- _SOURCE MATERIAL_
>>>>>

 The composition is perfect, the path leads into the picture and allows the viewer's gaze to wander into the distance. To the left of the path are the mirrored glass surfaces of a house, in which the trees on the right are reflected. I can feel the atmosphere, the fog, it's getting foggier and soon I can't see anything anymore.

<<<<<
>>>>>

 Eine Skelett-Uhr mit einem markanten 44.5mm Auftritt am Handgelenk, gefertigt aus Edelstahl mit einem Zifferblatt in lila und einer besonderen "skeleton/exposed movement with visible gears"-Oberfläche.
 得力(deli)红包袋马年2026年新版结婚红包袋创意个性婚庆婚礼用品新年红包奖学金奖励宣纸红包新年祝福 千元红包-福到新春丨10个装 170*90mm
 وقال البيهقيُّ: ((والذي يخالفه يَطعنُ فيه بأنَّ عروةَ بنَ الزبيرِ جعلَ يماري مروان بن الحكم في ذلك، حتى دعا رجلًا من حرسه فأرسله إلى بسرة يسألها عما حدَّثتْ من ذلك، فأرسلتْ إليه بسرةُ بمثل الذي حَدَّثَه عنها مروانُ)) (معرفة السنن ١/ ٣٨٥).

<<<<<

- _WHAT YOU WILL DO_
Taking the listing above as the source, transcribe only the lines starting at the line with "Eine Skelett-Uhr mit" and going through the line with "وقال البيهقيُّ: ((والذي", unaltered and with both ends included.

- _RESULT OF THIS TASK_
 Eine Skelett-Uhr mit einem markanten 44.5mm Auftritt am Handgelenk, gefertigt aus Edelstahl mit einem Zifferblatt in lila und einer besonderen "skeleton/exposed movement with visible gears"-Oberfläche.
 得力(deli)红包袋马年2026年新版结婚红包袋创意个性婚庆婚礼用品新年红包奖学金奖励宣纸红包新年祝福 千元红包-福到新春丨10个装 170*90mm
 وقال البيهقيُّ: ((والذي يخالفه يَطعنُ فيه بأنَّ عروةَ بنَ الزبيرِ جعلَ يماري مروان بن الحكم في ذلك، حتى دعا رجلًا من حرسه فأرسله إلى بسرة يسألها عما حدَّثتْ من ذلك، فأرسلتْ إليه بسرةُ بمثل الذي حَدَّثَه عنها مروانُ)) (معرفة السنن ١/ ٣٨٥).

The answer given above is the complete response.